Exercise materials:
::::::::
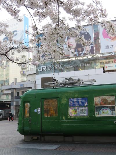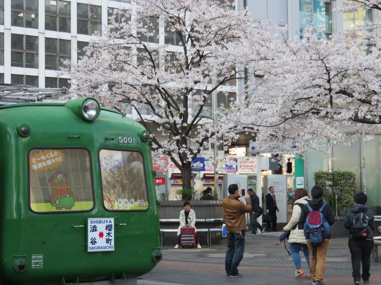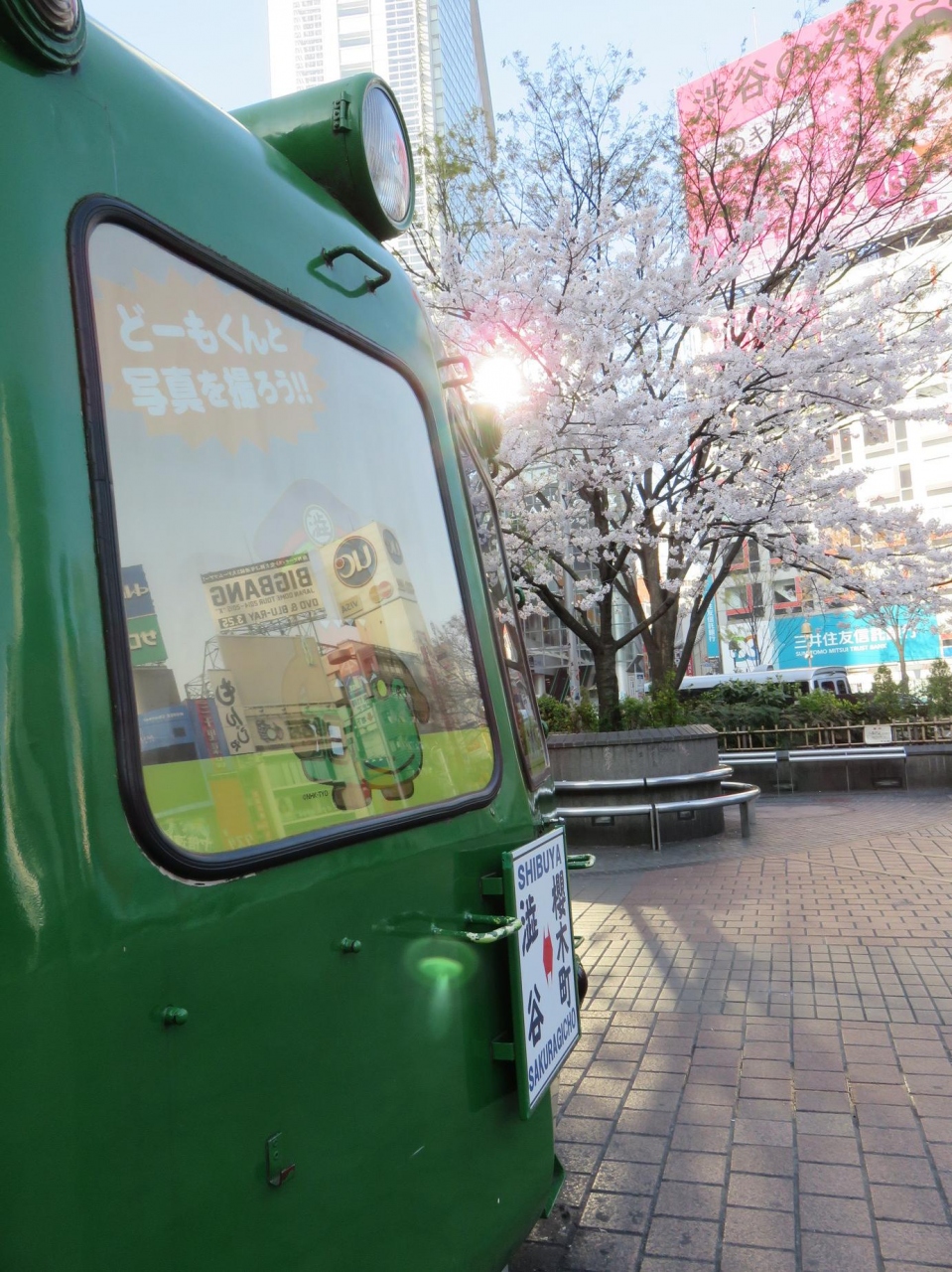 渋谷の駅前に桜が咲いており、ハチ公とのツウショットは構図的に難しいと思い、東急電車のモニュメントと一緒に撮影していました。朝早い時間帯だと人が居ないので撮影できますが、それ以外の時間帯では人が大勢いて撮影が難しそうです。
::::::::
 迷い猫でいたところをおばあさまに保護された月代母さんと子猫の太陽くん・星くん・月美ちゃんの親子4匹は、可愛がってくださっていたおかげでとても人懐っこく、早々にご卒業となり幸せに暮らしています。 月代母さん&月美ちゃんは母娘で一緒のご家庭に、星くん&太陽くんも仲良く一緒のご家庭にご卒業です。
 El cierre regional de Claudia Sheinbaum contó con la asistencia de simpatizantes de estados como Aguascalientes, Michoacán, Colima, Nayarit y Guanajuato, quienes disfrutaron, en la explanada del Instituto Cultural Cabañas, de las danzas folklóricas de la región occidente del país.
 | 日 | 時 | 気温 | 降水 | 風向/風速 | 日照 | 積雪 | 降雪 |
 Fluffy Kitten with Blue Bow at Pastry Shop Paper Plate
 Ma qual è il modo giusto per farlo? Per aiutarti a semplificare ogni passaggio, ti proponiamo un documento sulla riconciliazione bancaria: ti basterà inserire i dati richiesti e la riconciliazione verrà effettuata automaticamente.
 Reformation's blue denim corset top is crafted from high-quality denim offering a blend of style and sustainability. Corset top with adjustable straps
::::::::
Your objective: The output should be exactly the lines above from the line containing "日照 | 積雪 | 降雪 |" to the line containing "Ma qual è il", inclusive, with no other lines.

Output for this task:
 | 日 | 時 | 気温 | 降水 | 風向/風速 | 日照 | 積雪 | 降雪 |
 Fluffy Kitten with Blue Bow at Pastry Shop Paper Plate
 Ma qual è il modo giusto per farlo? Per aiutarti a semplificare ogni passaggio, ti proponiamo un documento sulla riconciliazione bancaria: ti basterà inserire i dati richiesti e la riconciliazione verrà effettuata automaticamente.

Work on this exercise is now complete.